ASSIGNMENT: Nothing but the lines from the top of the data to the line holding "- 【Features】: Highly" should be printed, word for word and both ends included; leave the pictures out.

-- Opening Marker --

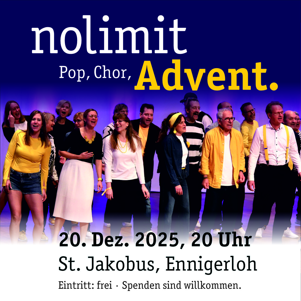 Wir laden herzlich ein zum Adventskonzert vom Popchor nolimit am Samstag, 20.12.2025, um 20 Uhr in der Jakobuskirche. Der Eintritt ist frei. Spenden sind willkommen.
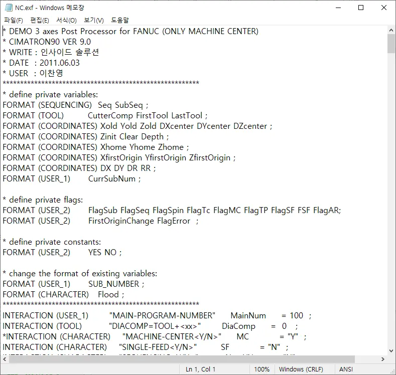 보통 워프좌표계는 G54 G55 G56 G57 G58 G59 이렇게 6개를 사용할수가 있습니다. 하지만 포스트 는 G54 만 하도록 되어있죠. 저는 포스트 한뒤 메모장으로 G54 를 찾아서 G55 로 일괄변경해서 사용하곤했는데 이것도 너무 귀찮아졌습니다. 그냥 포스트 할때 선택해서 포스트하면 알아서 G55든 G59 든 나왔으면 좋겠다는 생각이 들어서 카페같은곳에 질문도하고 검색해서 방법을 찾았습니다. 아마 저와 같은 고민을 하고 계신분들이 상당히 많을걸로 예상합니다. 정말 고급 지식이니 꼭 정독하셔서 자기걸로 만드시길 바랍니다. 자 그럼 시마트론 POST 포스트 수정 EXF 편집방법 시작합니다.
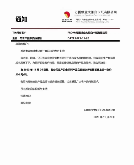 萬國(guó)紙業(yè)太陽(yáng)白卡紙有限公司:自2023年11月26日起,我公司生產(chǎn)的全系列產(chǎn)品在目前執(zhí)行價(jià)格基礎(chǔ)上統(tǒng)一漲價(jià)200元/噸
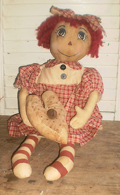 Primitive Grungy Raggedy Ann Doll Heart Ornie
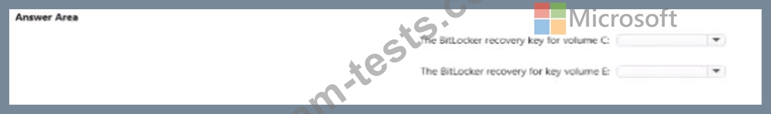 On which Active Directory object can you each BitLocker recovery key? To answer, select the appropriate options in the answer area.
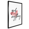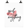 Lust auf neue Farben? Dieses Wandbild „Mädchen können alles“ ist ein farbenfroher Hingucker für deine Wand. Lass dich jeden Morgen von dem Typografie-Poster mit schwarzer Schrift und rosa Herzen motivieren und inspirieren.
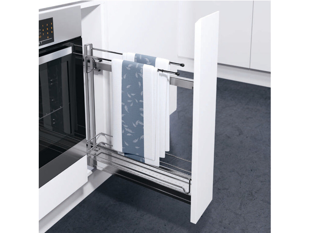 A unit to make those smaller spaces more accessible. The VS SUB Slim by Vauth-Sagel comes with a storage basket at the bottom and a two pronged towel rail at the top. The unit has soft closing operation and an elegant design which is bound to be a valuable addition to the kitchen.
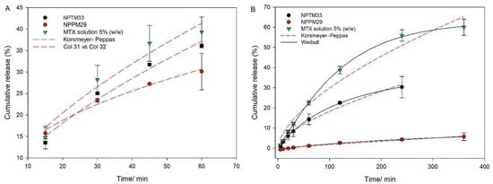 The drug release kinetics were evaluated by different mathematical models, such as zero order, first order, Weibull, Korsmeyer–Peppas, and Higuchi [28]. To select the best model that fits the release profile obtained for the samples, the correlation coefficient (R) was used. The kinetic drug release models can be plotted using Sigma Plot software, which presents a library of most employed mathematical models used for controlled drug release systems.
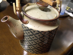 その骨董屋さん、失礼ですが、ガラクタといっていいようなものが所狭しと置いてあります。そこで見つけたこの土瓶。1960年代にこの地で生産され、北欧に輸出されていたものです。デザインが気に入り、購入しました。 |
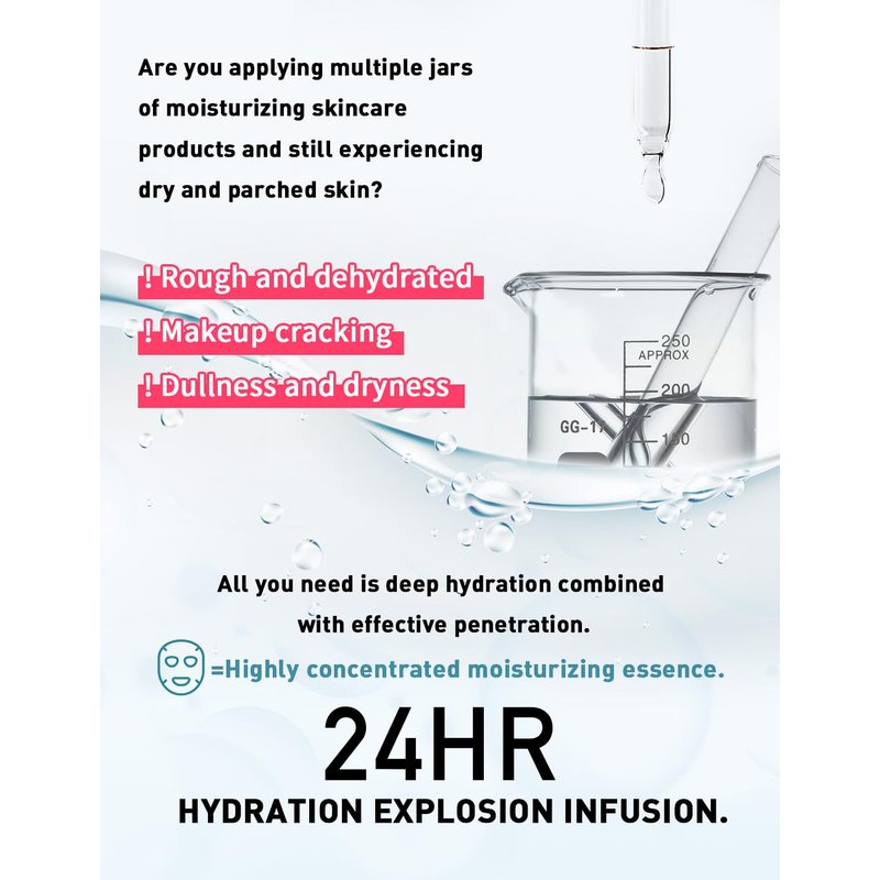 - 【Features】: Highly concentrated moisturizing essence / 24HR hydration explosion infusion / Japanese certified 100% organic cotton / Hypoallergenic (SGS,ISO) certified
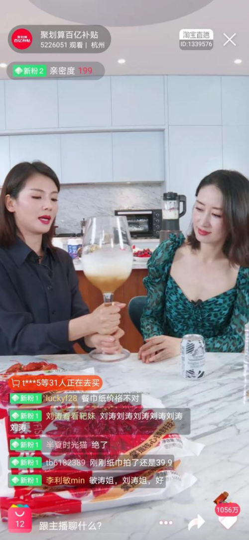 虽然是直播首秀,但涛姐做足了准备,在直播间里,化身“刘一刀”为大家砍价、介绍好物。 知名女星刘敏涛也现身直播间,刘涛开玩笑表示”刘涛过敏,就成了刘敏涛”,二人之间的互动非常欢乐。
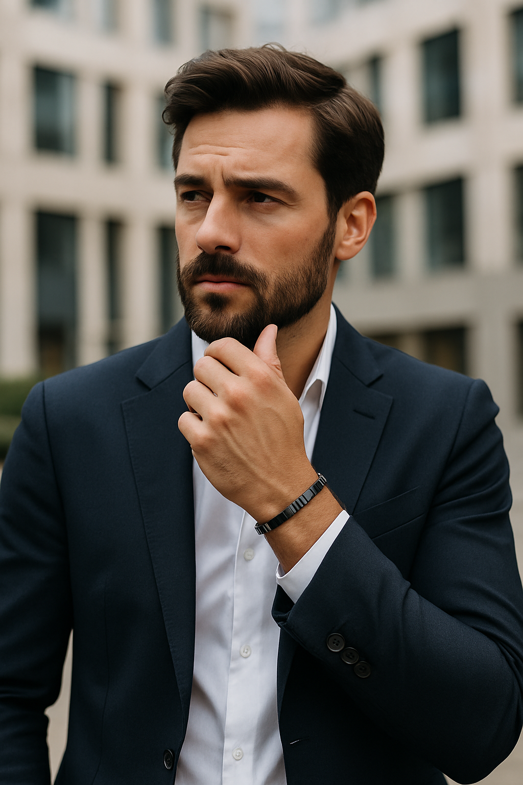 Celui de l’homme ancré, calme et fort — celui qui avance avec maîtrise.
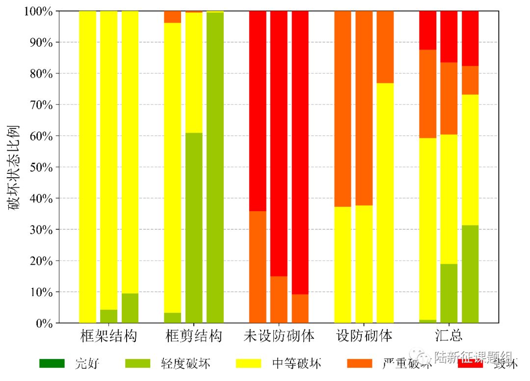 为了比较不同地震动对区域的破坏力,这里将地震动输入到清华校园619栋建筑中,其结构类型和建筑功能统计如图14所示。计算得到考虑承载力参数不确定性后建筑的破坏状态如图15所示,清华校园典型建筑预测破坏状态如表1所示。

-- Closing Marker --

SOLUTION:
 Wir laden herzlich ein zum Adventskonzert vom Popchor nolimit am Samstag, 20.12.2025, um 20 Uhr in der Jakobuskirche. Der Eintritt ist frei. Spenden sind willkommen.
 보통 워프좌표계는 G54 G55 G56 G57 G58 G59 이렇게 6개를 사용할수가 있습니다. 하지만 포스트 는 G54 만 하도록 되어있죠. 저는 포스트 한뒤 메모장으로 G54 를 찾아서 G55 로 일괄변경해서 사용하곤했는데 이것도 너무 귀찮아졌습니다. 그냥 포스트 할때 선택해서 포스트하면 알아서 G55든 G59 든 나왔으면 좋겠다는 생각이 들어서 카페같은곳에 질문도하고 검색해서 방법을 찾았습니다. 아마 저와 같은 고민을 하고 계신분들이 상당히 많을걸로 예상합니다. 정말 고급 지식이니 꼭 정독하셔서 자기걸로 만드시길 바랍니다. 자 그럼 시마트론 POST 포스트 수정 EXF 편집방법 시작합니다.
 萬國(guó)紙業(yè)太陽(yáng)白卡紙有限公司:自2023年11月26日起,我公司生產(chǎn)的全系列產(chǎn)品在目前執(zhí)行價(jià)格基礎(chǔ)上統(tǒng)一漲價(jià)200元/噸
 Primitive Grungy Raggedy Ann Doll Heart Ornie
 On which Active Directory object can you each BitLocker recovery key? To answer, select the appropriate options in the answer area.
 Lust auf neue Farben? Dieses Wandbild „Mädchen können alles“ ist ein farbenfroher Hingucker für deine Wand. Lass dich jeden Morgen von dem Typografie-Poster mit schwarzer Schrift und rosa Herzen motivieren und inspirieren.
 A unit to make those smaller spaces more accessible. The VS SUB Slim by Vauth-Sagel comes with a storage basket at the bottom and a two pronged towel rail at the top. The unit has soft closing operation and an elegant design which is bound to be a valuable addition to the kitchen.
 The drug release kinetics were evaluated by different mathematical models, such as zero order, first order, Weibull, Korsmeyer–Peppas, and Higuchi [28]. To select the best model that fits the release profile obtained for the samples, the correlation coefficient (R) was used. The kinetic drug release models can be plotted using Sigma Plot software, which presents a library of most employed mathematical models used for controlled drug release systems.
 その骨董屋さん、失礼ですが、ガラクタといっていいようなものが所狭しと置いてあります。そこで見つけたこの土瓶。1960年代にこの地で生産され、北欧に輸出されていたものです。デザインが気に入り、購入しました。 |
 - 【Features】: Highly concentrated moisturizing essence / 24HR hydration explosion infusion / Japanese certified 100% organic cotton / Hypoallergenic (SGS,ISO) certified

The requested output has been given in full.